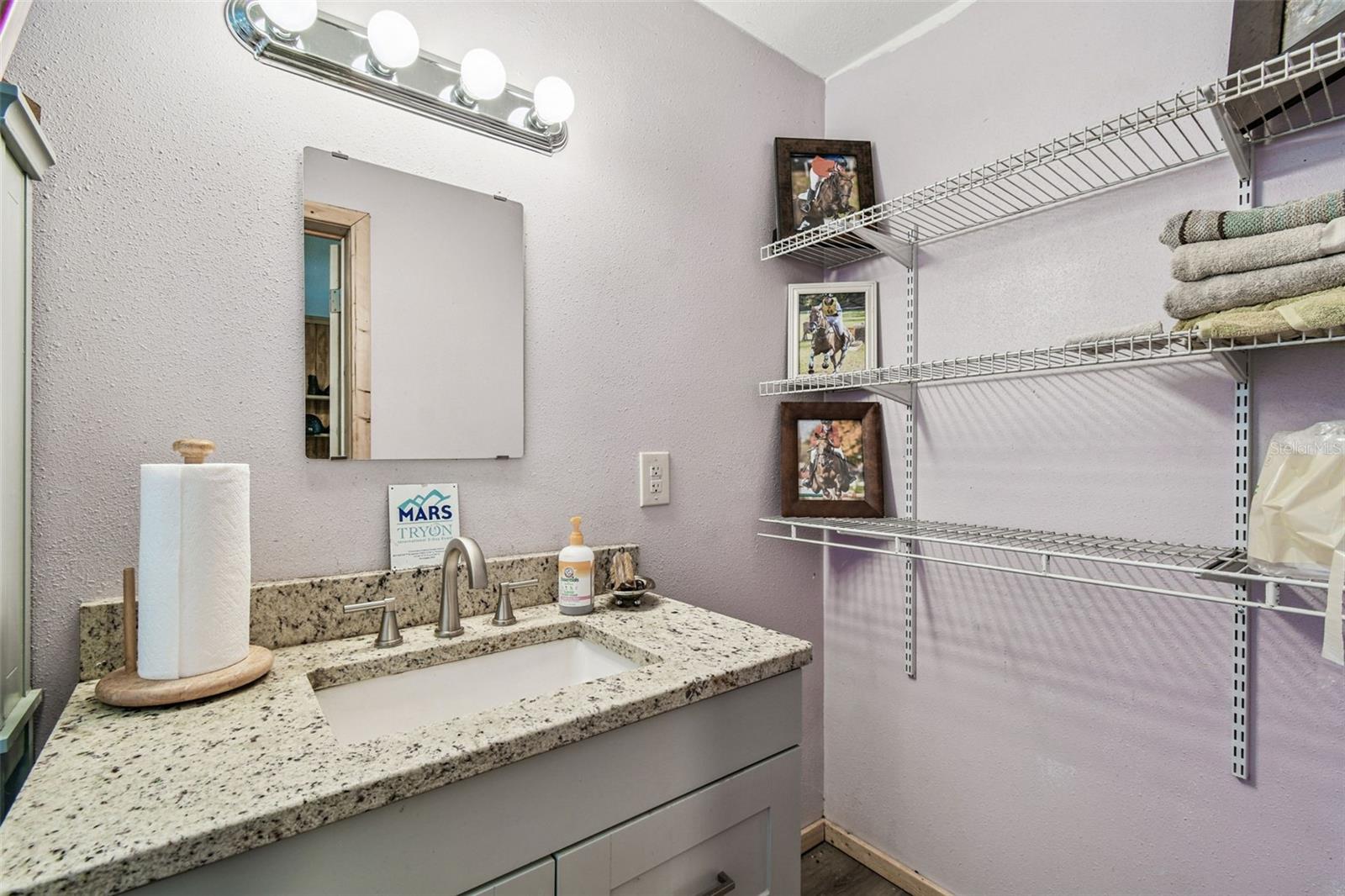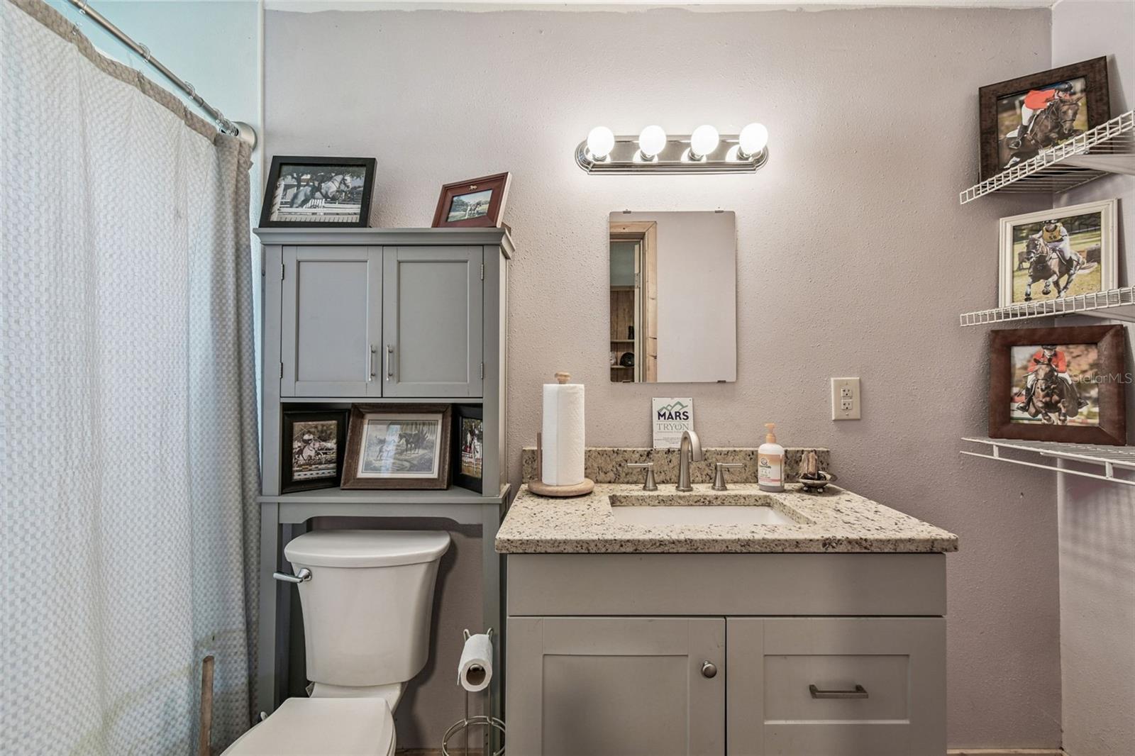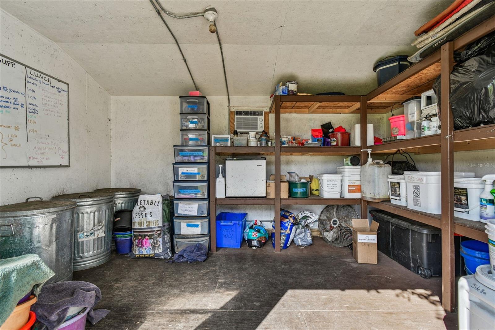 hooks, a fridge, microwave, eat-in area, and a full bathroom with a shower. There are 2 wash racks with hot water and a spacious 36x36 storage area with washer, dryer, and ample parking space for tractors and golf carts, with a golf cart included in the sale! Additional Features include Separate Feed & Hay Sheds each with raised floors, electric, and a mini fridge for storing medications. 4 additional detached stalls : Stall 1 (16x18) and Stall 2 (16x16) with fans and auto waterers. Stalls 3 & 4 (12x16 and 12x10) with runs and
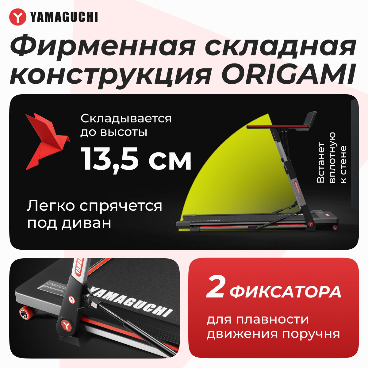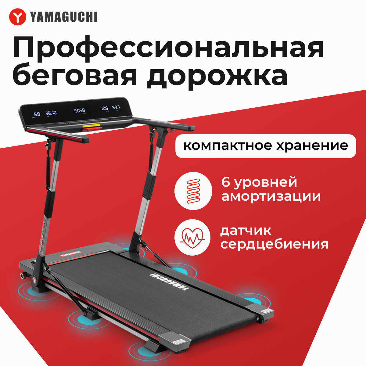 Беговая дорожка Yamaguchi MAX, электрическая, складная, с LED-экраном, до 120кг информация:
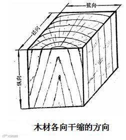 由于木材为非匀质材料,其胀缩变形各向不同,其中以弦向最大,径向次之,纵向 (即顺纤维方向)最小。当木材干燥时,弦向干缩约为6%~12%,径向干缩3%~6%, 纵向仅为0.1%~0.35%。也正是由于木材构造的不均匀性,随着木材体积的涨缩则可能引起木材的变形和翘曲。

_____

Set the lines above down again, word for word, from the first through the one containing "Беговая дорожка Yamaguchi"; pictures excluded.

 hooks, a fridge, microwave, eat-in area, and a full bathroom with a shower. There are 2 wash racks with hot water and a spacious 36x36 storage area with washer, dryer, and ample parking space for tractors and golf carts, with a golf cart included in the sale! Additional Features include Separate Feed & Hay Sheds each with raised floors, electric, and a mini fridge for storing medications. 4 additional detached stalls : Stall 1 (16x18) and Stall 2 (16x16) with fans and auto waterers. Stalls 3 & 4 (12x16 and 12x10) with runs and
 Беговая дорожка Yamaguchi MAX, электрическая, складная, с LED-экраном, до 120кг информация:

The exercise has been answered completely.